I also talk to my (long deceased) grandfather before I fall asleep. Long story, but I know he’s watching out for me and my family. I talk to him during hard times and ask for things. This time, I figured it’ll be a long haul and will only ask for something specific in an emergency. But recently, I have been asking him to just be able to have some peace. And this morning I realized just how hard I’ve been sleeping this week and wake up feeling better. Now I just have to learn to maintain it throughout the day
I like this video and similar ones. I’m not Christian but still nice to watch.
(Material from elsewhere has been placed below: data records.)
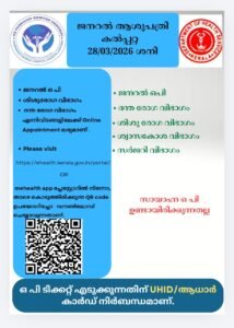 ബത്തേരി, മാനന്തവാടി, കൽപ്പറ്റ, വൈത്തിരി, കോഴിക്കോട് ആശുപത്രികളിലെ ഇന്നത്തെ ( 28.03.2026 – ശനി ) പ്രധാന ഒ.പി വിവരങ്ങൾ
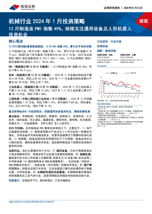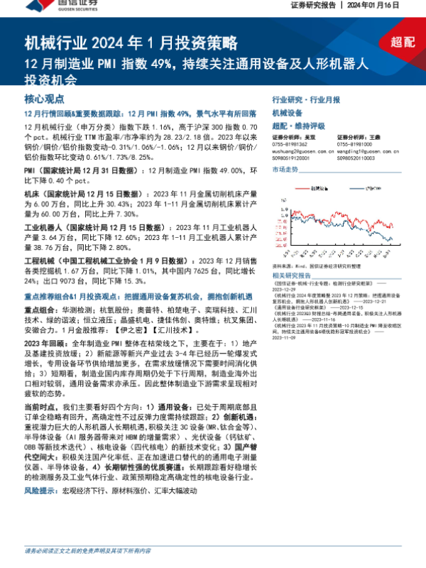 【国信证券】【20240116】机械行业2024年1月投资策略:12月制造业PMI指数49%,持续关注通用设备及人形机器人投资机会-23页
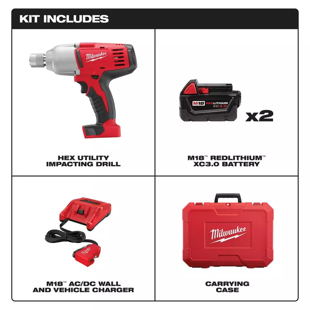 - Includes: (1) M18 7/16 in. hex high-torque impact wrench with friction ring (2665-20), (1) M18 lithium-ion AC/DC wall and vehicle charger (2710-20), (2) M18 XC high capacity REDLITHIUM battery (48-11-1828), (1) contractor bag
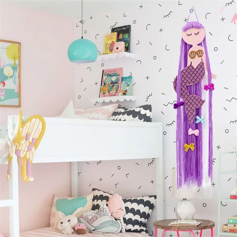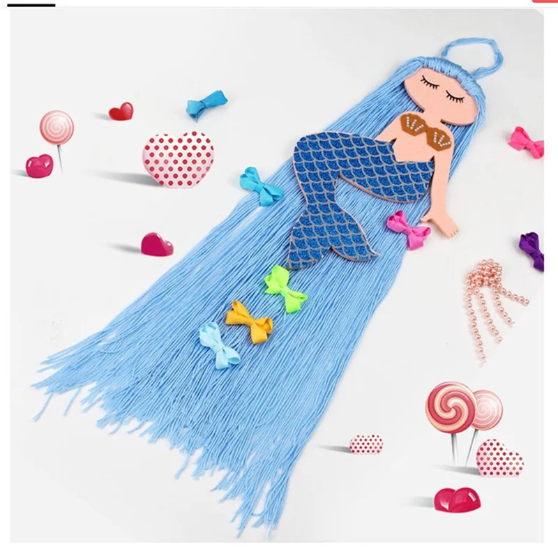 Вязанные банты для волос Русалочки для хранения волос для девочек заколки для волос подвесной Органайзер держатель ленты войлочные изделия Аксессуары для волос для детей

I worry the most about my adult (31) D, who spent the past 5 years working on being more social and not such a recluse (and was pretty successful at that). She’s feeling “lonely” and most of her friends, like her, are in the hospitality industry and currently out of work (thank goodness for unemployment insurance!). So we text several times a day just to check in. She took a book and went to sit in the park and read yesterday, a lovely spring day for her. Getting outside really helps. And she sent me a cute pic of herself, lying on her bed with her scuba fins on, resting them on this gorgeous textile of an ocean scene she bought in Thailand that she has hanging as a ‘headboard’ - with the message “anyone else chilling at the beach or is it just me?” - so at least for that moment her sense of humor was showing - we must all continue to laugh, and yes, cry when the feeling hits. Don’t bury feelings. And if you snap at someone, apologize as quickly as you can. And thank every single worker you come in contact with, whether in person or on the phone. I even put a note in my mailbox thanking my carrier for delivering the mail. I wish I had a few Starbucks and/or Subway gift cards stashed because I’d have included one of those too. Be kind to yourself and each other. I’m writing this for myself as much as all of you.
I cleaned out and re-organized a big storage cabinet in my master bath today. Discovered and cleaned up a leak from a cough syrup, many expired medications…and 3 very small bottles of hand sanitizer. LOL, you’d have thought I found a $100 bill.
Anyway, it was a nice distraction.
Yesterday, we went over to D’s for about an hour. Stood in the yard staying six feet away. Watched GD, smiled and mugged with her, commented on stuff, but it was… weird…sad. I hate not being able to pick her up, hold her hand, read her a book. She’s sixteen months, too young to have any idea what’s going on. Just, Grandma and Grandad acting weird. I hate this!